Allen Institute for Brain Science, Seattle, Washington, 98103, USA.
Department of Clinical Sciences, University of Texas Southwestern Medical Center, 5323 Harry Hines Blvd, Dallas, TX, USA.
BMC Bioinformatics. 2017 Dec 21;18(Suppl 17):559. doi: 10.1186/s12859-017-1977-1.
A fundamental characteristic of multicellular organisms is the specialization of functional cell types through the process of differentiation. These specialized cell types not only characterize the normal functioning of different organs and tissues, they can also be used as cellular biomarkers of a variety of different disease states and therapeutic/vaccine responses. In order to serve as a reference for cell type representation, the Cell Ontology has been developed to provide a standard nomenclature of defined cell types for comparative analysis and biomarker discovery. Historically, these cell types have been defined based on unique cellular shapes and structures, anatomic locations, and marker protein expression. However, we are now experiencing a revolution in cellular characterization resulting from the application of new high-throughput, high-content cytometry and sequencing technologies. The resulting explosion in the number of distinct cell types being identified is challenging the current paradigm for cell type definition in the Cell Ontology.
In this paper, we provide examples of state-of-the-art cellular biomarker characterization using high-content cytometry and single cell RNA sequencing, and present strategies for standardized cell type representations based on the data outputs from these cutting-edge technologies, including "context annotations" in the form of standardized experiment metadata about the specimen source analyzed and marker genes that serve as the most useful features in machine learning-based cell type classification models. We also propose a statistical strategy for comparing new experiment data to these standardized cell type representations.

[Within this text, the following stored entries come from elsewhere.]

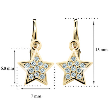 Detské náušnice Danfil hviezdičky C2228 zo žltého zlata, Ruby Dark, zapínanie brizura
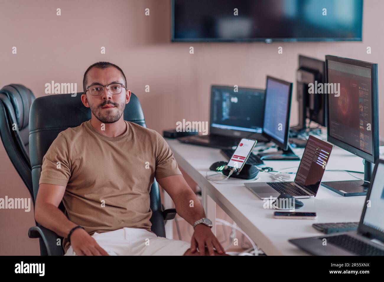 Professional Male Programmer Multitasking with Phone at Work | Premium ...
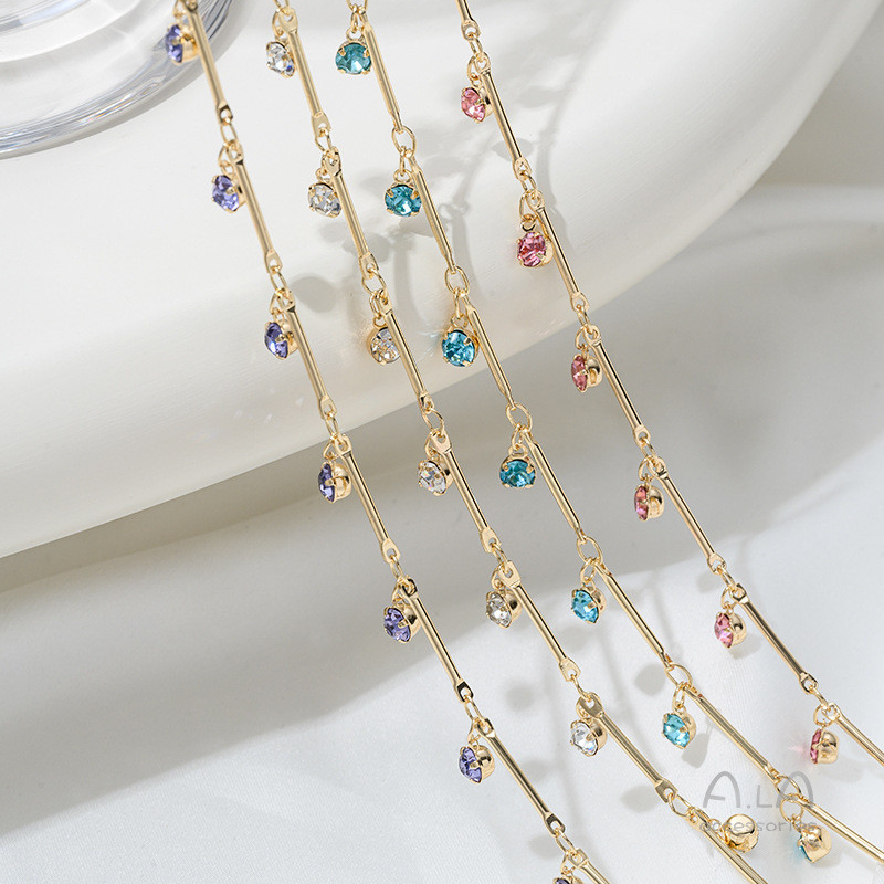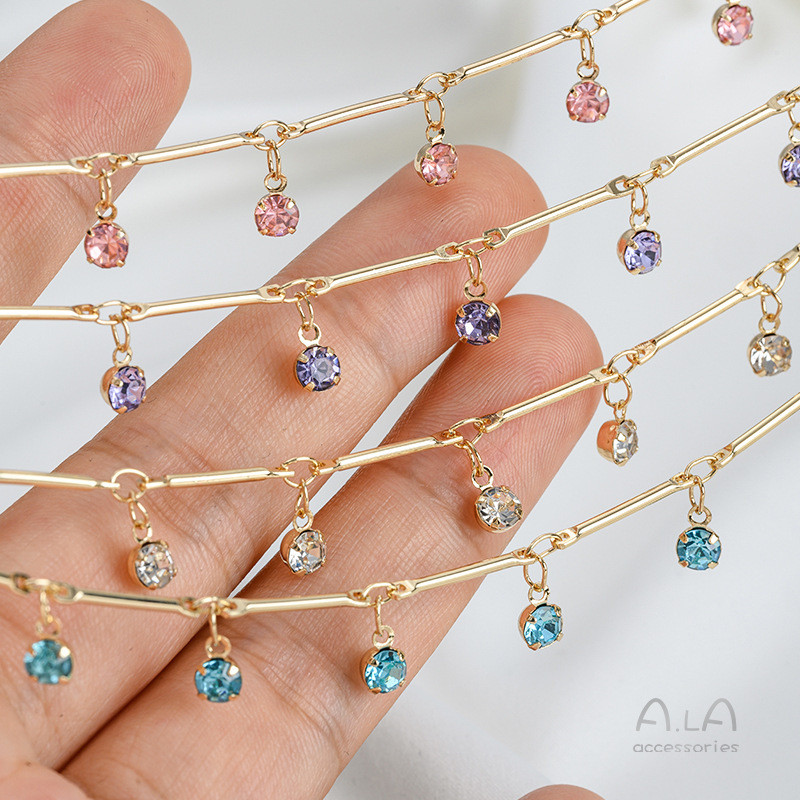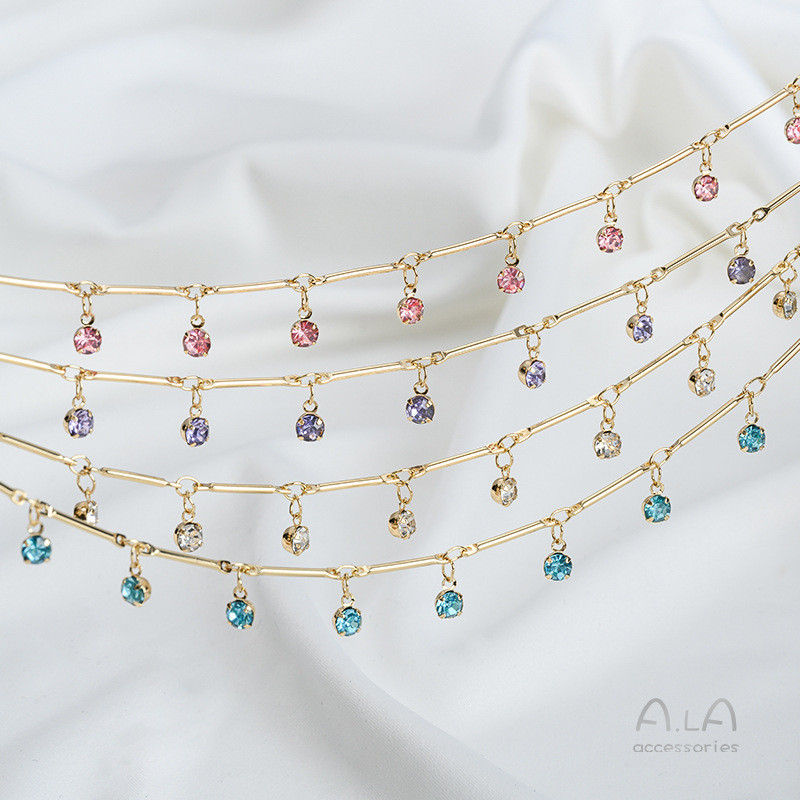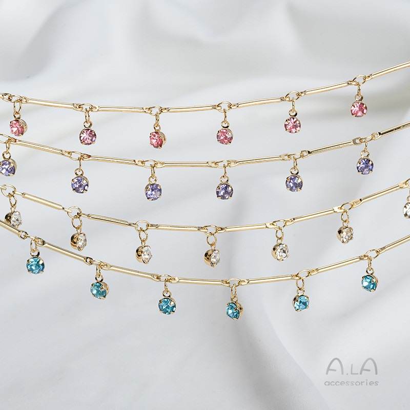 宏雲Hongyun-Ala新品-保色14k包金竹節直棒掛鋯石吊墜鏈條diy手工飾品手鍊項鍊流蘇散鏈透白鋯 直棒掛鋯石散鏈 半米 50厘米|粉紅鋯 直棒掛鋯石散鏈 半米 50厘米|藍色鋯 直棒掛鋯石散鏈 半米 50厘米|紫色鋯 直棒掛鋯石散鏈 半米 50厘米HongYun飾品配件批發零售
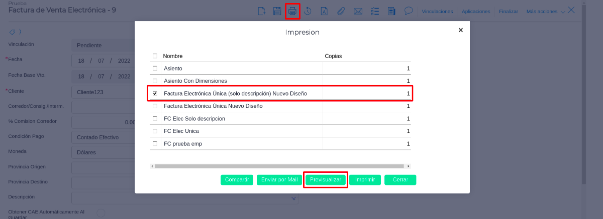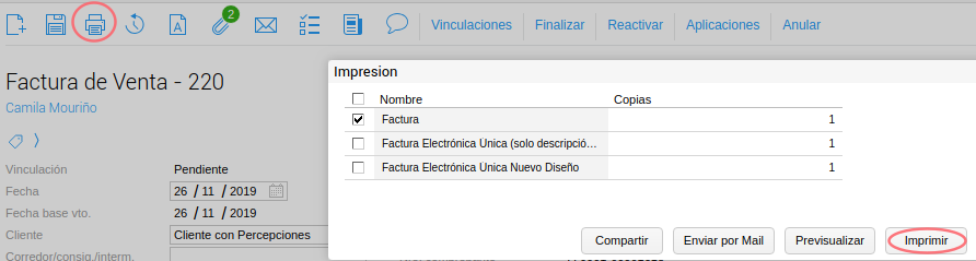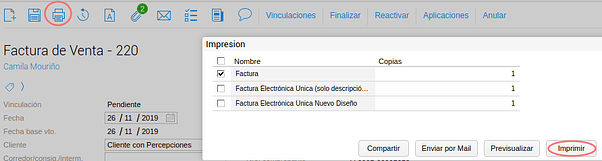 Elegimos el reporte de impresión Factura. En este caso se encuentra configurado para mostrar el nombre de la organización junto con el nombre del documento y su número interno.
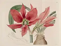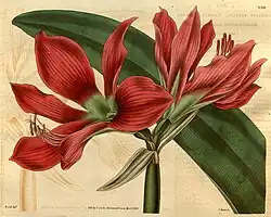 Hippeastrum aulicum is a bulbous epiphyte, growing on rocks and trees which has large scarlet flowers with a green throat, usually with four flowers to a stem. It blooms in late summer and autumn.[3]
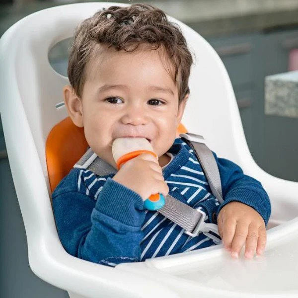 Our silicone teething feeder has some bite to it; allowing for easy feeding with its interior firm stem that forces food out where babies can get to it. It's simple to clean and more durable than mesh feeders.
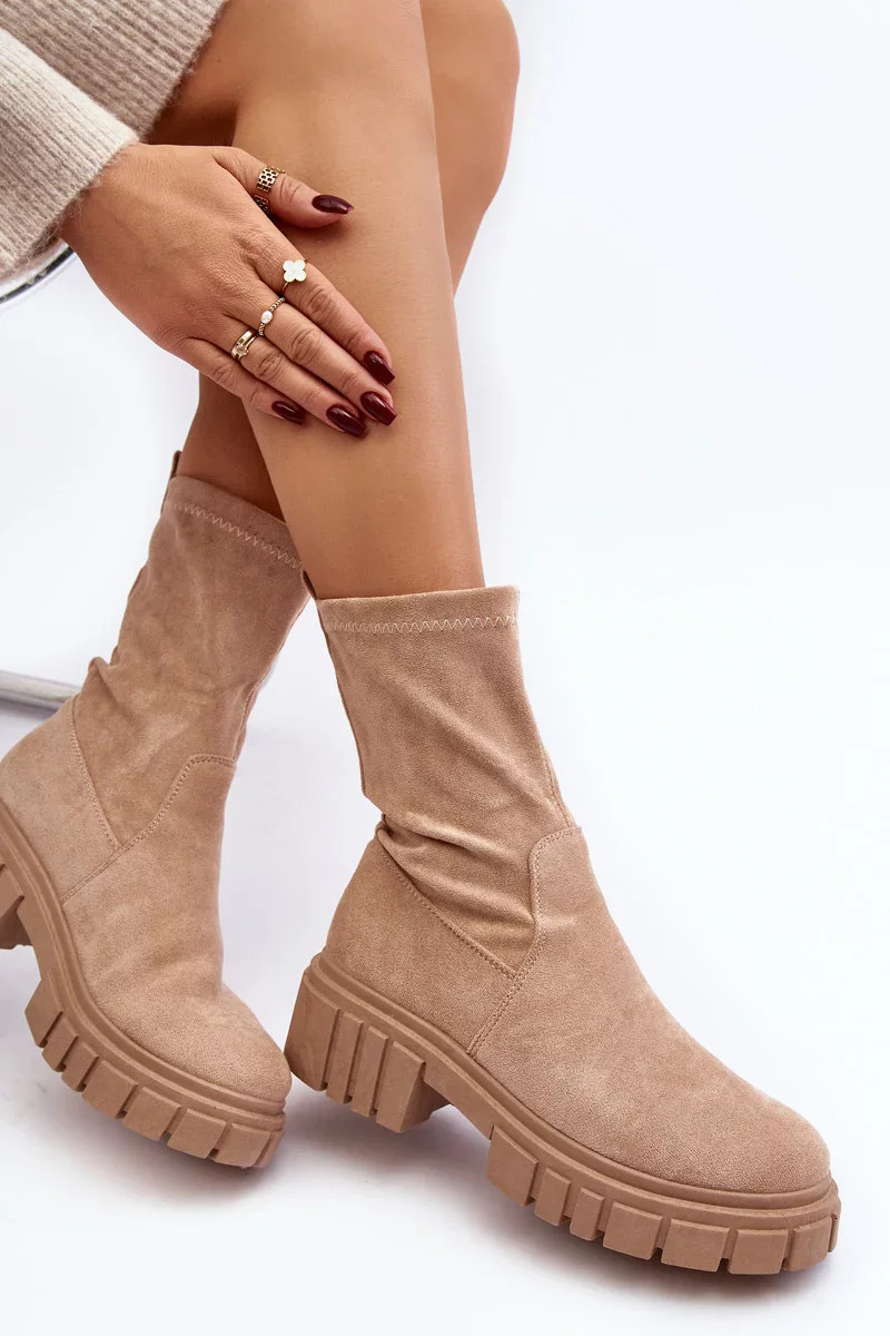 Dámské nazouvací kotníkové boty z eko semiše. Nasazené na masivním plochém podpatku a platformě. Nezateplené. Měkká stélka zajišťuje pohodlí při používání. Podpatek v této obuvi je vyztužený. Tento model lze sladit s mnoha podzimními styly! Při výběru velikosti se řiďte tabulkou velikostí.

The advent of high-throughput/high-content single cell technologies is leading to an explosion in the number of distinct cell types being identified. It will be critical for the bioinformatics community to develop and adopt data standard conventions that will be compatible with these new technologies and support the data representation needs of the research community. The proposals enumerated here will serve as a useful starting point to address these challenges.
多细胞生物的一个基本特征是通过分化过程来专门化功能细胞类型。这些特化的细胞类型不仅是不同器官和组织正常功能的特征,也可以作为各种不同疾病状态和治疗/疫苗反应的细胞生物标志物。为了作为细胞类型表示的参考,细胞本体论已经被开发出来,为比较分析和生物标志物发现提供了定义细胞类型的标准命名法。从历史上看,这些细胞类型是根据独特的细胞形状和结构、解剖位置和标记蛋白表达来定义的。然而,我们现在正经历着细胞特征描述的革命,这是由于应用了新的高通量、高内涵细胞术和测序技术。被识别的不同细胞类型数量的爆炸式增长,正在挑战细胞本体论中当前的细胞类型定义范式。
在本文中,我们提供了使用高内涵细胞术和单细胞 RNA 测序进行最新细胞生物标志物特征描述的示例,并提出了基于这些前沿技术的数据输出进行标准化细胞类型表示的策略,包括分析标本来源的标准化实验元数据形式的“上下文注释”,以及作为基于机器学习的细胞类型分类模型中最有用特征的标记基因。我们还提出了一种将新实验数据与这些标准化细胞类型表示进行比较的统计策略。
高通量/高内涵单细胞技术的出现正在导致被识别的不同细胞类型数量的爆炸式增长。对于生物信息学社区来说,开发和采用与这些新技术兼容并支持研究社区数据表示需求的数据标准约定将是至关重要的。这里列举的建议将是解决这些挑战的一个有用起点。